D'aussi loin qu'elle s'en souvienne, Annette Giroux était la victime d'une drôle de malédiction. Elle n'en parlait pas à grand monde, de peur d'être prise pour une folle. De toute manière, il n'était nul besoin d'en dire un mot : elle exhalait une fébrilité sans pareille, un sursaut continu ponctué de saillies d'agacement ; et elle avait le don de propager son inquiétude à ses voisins. Aussi se détournait-on d'elle tout naturellement, avec une répulsion rarement dissimulée. Quelle enfance ce dût être pour la pauvre petite Annette : impossible, à cet âge comme aux autres, de s'assumer socialement puante.

Elle en avait versé des larmes sur les genoux de sa mère, qui lui caressait les cheveux d'un air résigné, songeant à une bonne qui eût accepté de prendre en charge son repoussoir de fille. Le père se gardait de dépasser son quota de cotoyance de deux heures par jour, au risque de ranimer de vieilles névroses. En effet, eux seuls étaient au courant de la nature du mal de l'enfant ; c'étaient eux aussi qui lui avaient enseigné à n'en jamais dire mot.

Dans le berceau déjà, la Giroux était en prise à d'inlassables retournements, se roulant en tous sens dans ses linges. Plus précisément, on le comprit quand elle put se poser sur son séant, elle alternait tantôt un regard inquiet derrière l'épaule gauche, tantôt derrière l'épaule droite. Même durant son sommeil le tortillement gardait toute sa force. De fait elle ne dormait pas beaucoup, toujours arrachée au rêve par on ne sait quoi de titillant, et les visiteurs du foyer Giroux étreignaient la gamine avec surprise : jamais ils n'avaient vu de bambin plombé de cernes. Les pédiatres s'arrachaient les cheveux sur son cas, et, une fois bien échevelés, transféraient le dossier à un confrère, toujours plus éloigné de la banlieue pavillonnaire de la petite famille. Annette grandissait, et bientôt parlait, et de mieux en mieux : le mystère de son malheur s'effritait un peu plus chaque jour.

Il y avait quelqu'un. Non pas quelque chose, car il avait des doigts, au moins un, un doigt chaud, un gros doigt d'homme, toujours le même, depuis toujours. À tout instant il lui tapotait l'épaule, comme pour l'avertir de sa présence, deux petites tapes toutes douces. Elle se retournait mais ne pouvait pas le voir, et aussitôt il la tapotait à l'épaule opposée. De temps en temps elle croyait sentir son souffle moite contre sa joue, mais comment s'en assurer ? Elle eut beau pester, tempêter, marchander toute son enfance ; il voulait de l'attention. Les somnifères, les sports et les larmes l'aidèrent à survivre le temps d'une piteuse adolescence. Jamais elle ne pouvait se concentrer sur quoi que ce soit, aussi se trouva-t-elle à pleurer en pleine rue le jour où elle fut refusée à l'université.

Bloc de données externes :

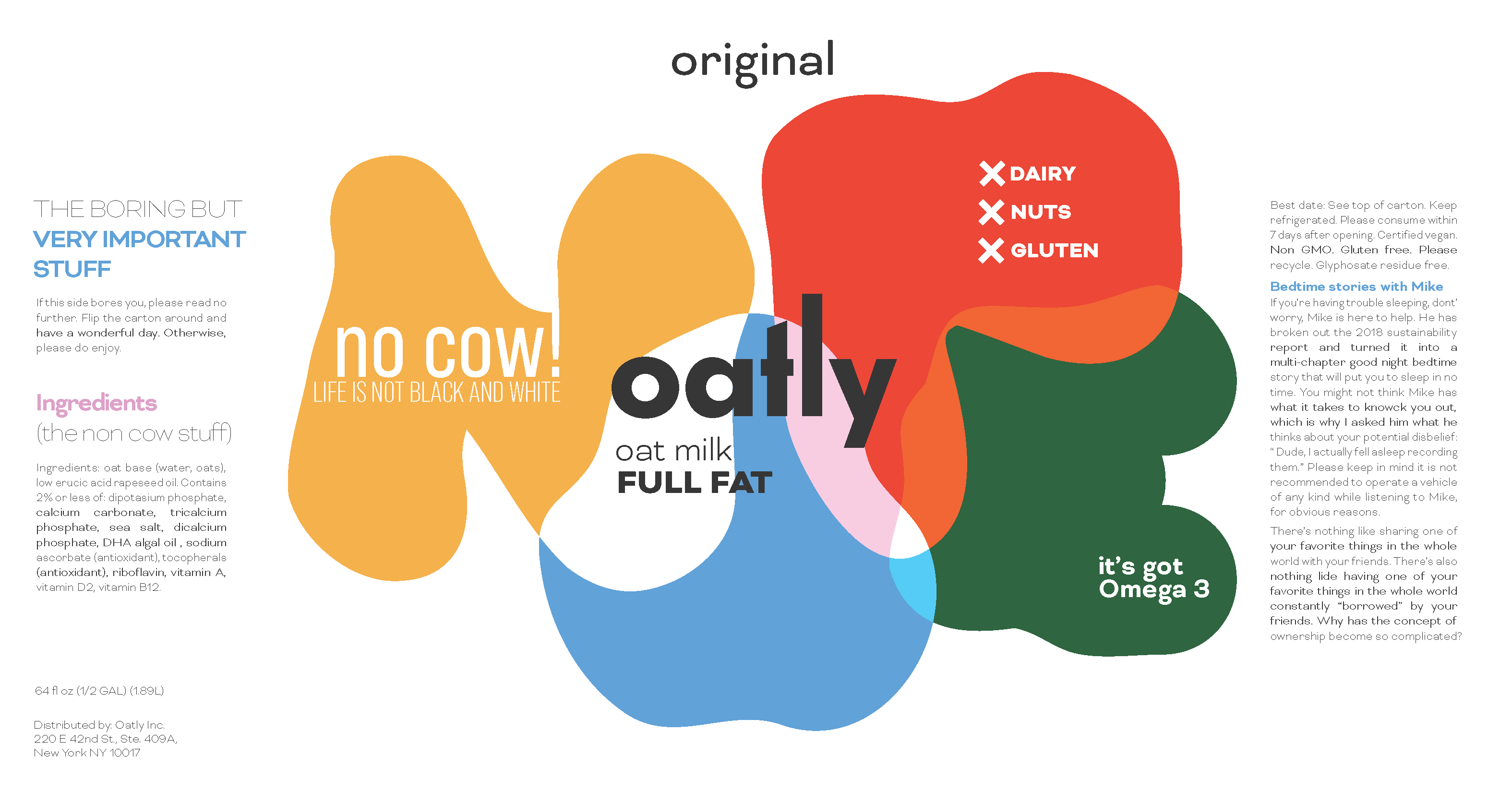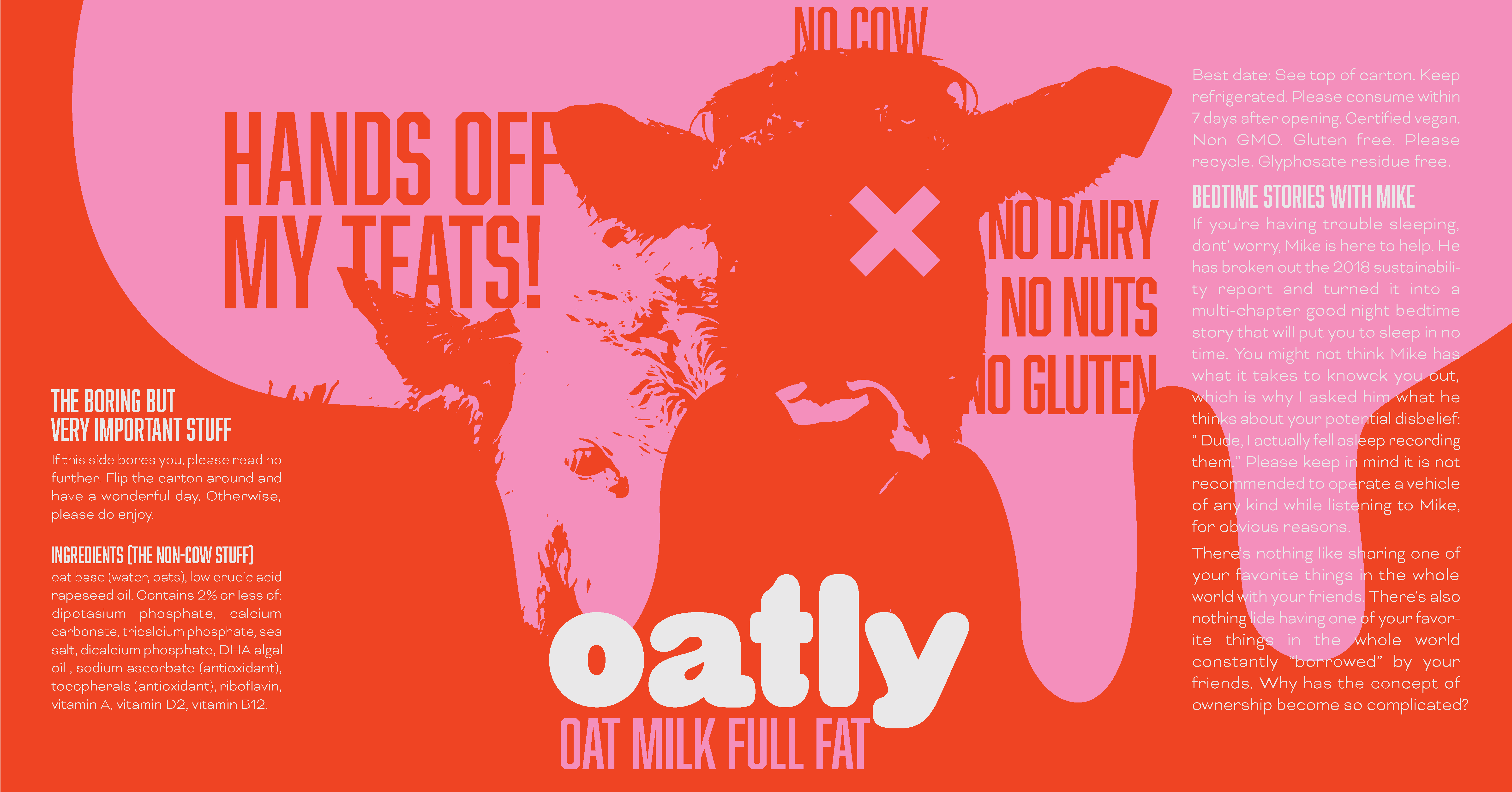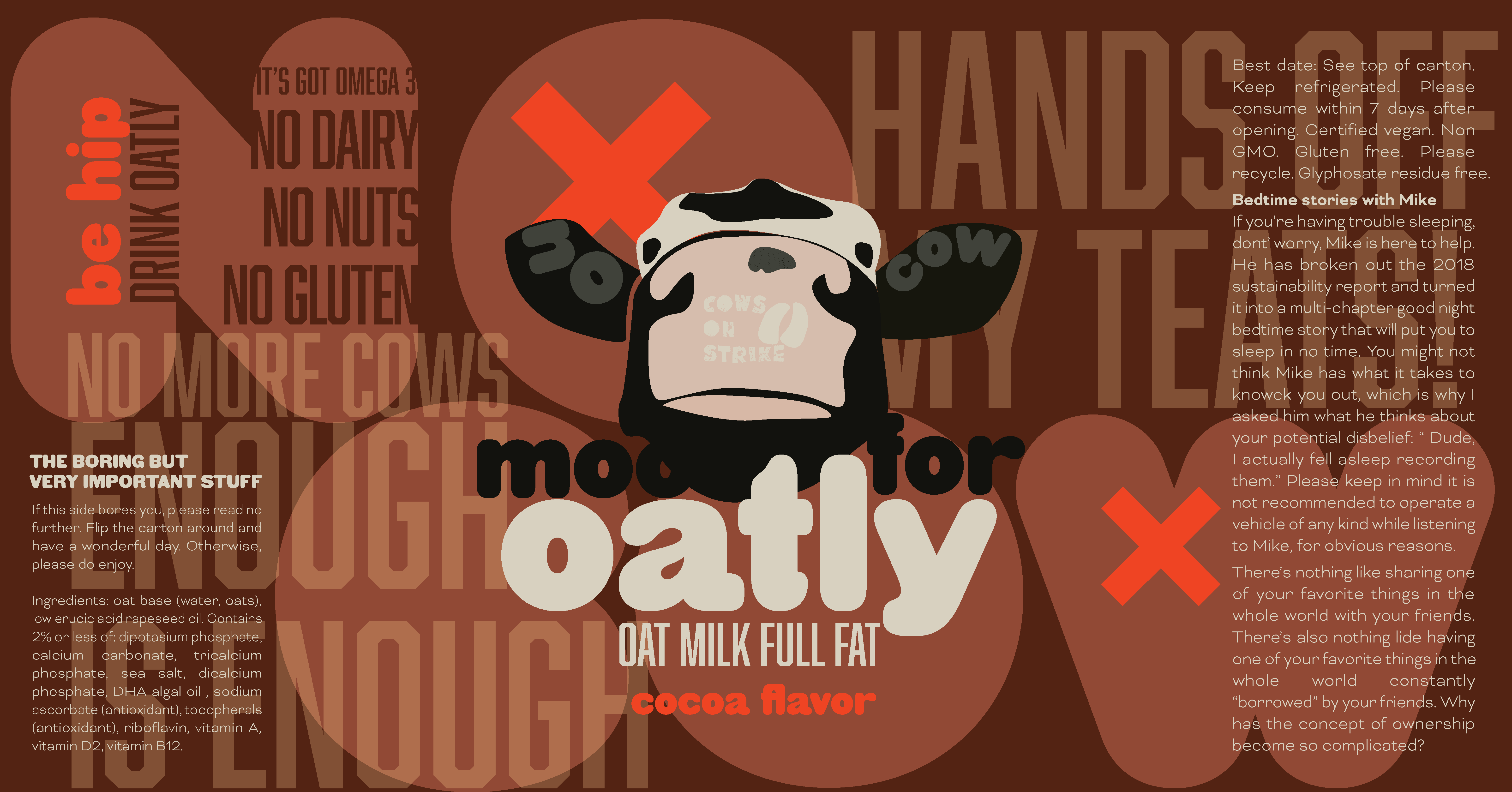 This brand concept for Oatly reframes plant-based milk through a playful narrative—using bold color, expressive typography, and illustration to flip the script on conventional dairy marketing. The system was designed to feel disruptive yet approachable, inviting consumers to reconsider everyday habits through humor and visual storytelling.

Ce jour-là, elle croisa un jeunot qui gisait au sol. Il avait la face enflée, perlée d'hématomes sous sa carapace de sparadraps. Un faible râle s'échappait de ses lèvres pétées. Annette se précipita à son secours. Soudain, on entendit comme un chahut, des cris de lutte venus de nulle part, qui s'éloignèrent lentement. Le jeunot entrouvrit ses paupières cramoisies ; il y avait de beaux yeux derrière ses coquards. Toutes les heures, d'aussi loin qu'il s'en souvienne, un gros poing invisible, un poing d'homme, s'abattait sur son corps mortifié. C'était Jeannot Gémald ; il n'avait pas d'amis. Annette resta longtemps plongée dans son regard. Leurs parasites étaient partis désormais, préférant se battre entre eux. Jamais elle n'avait vu un si bel homme sourire sans dents.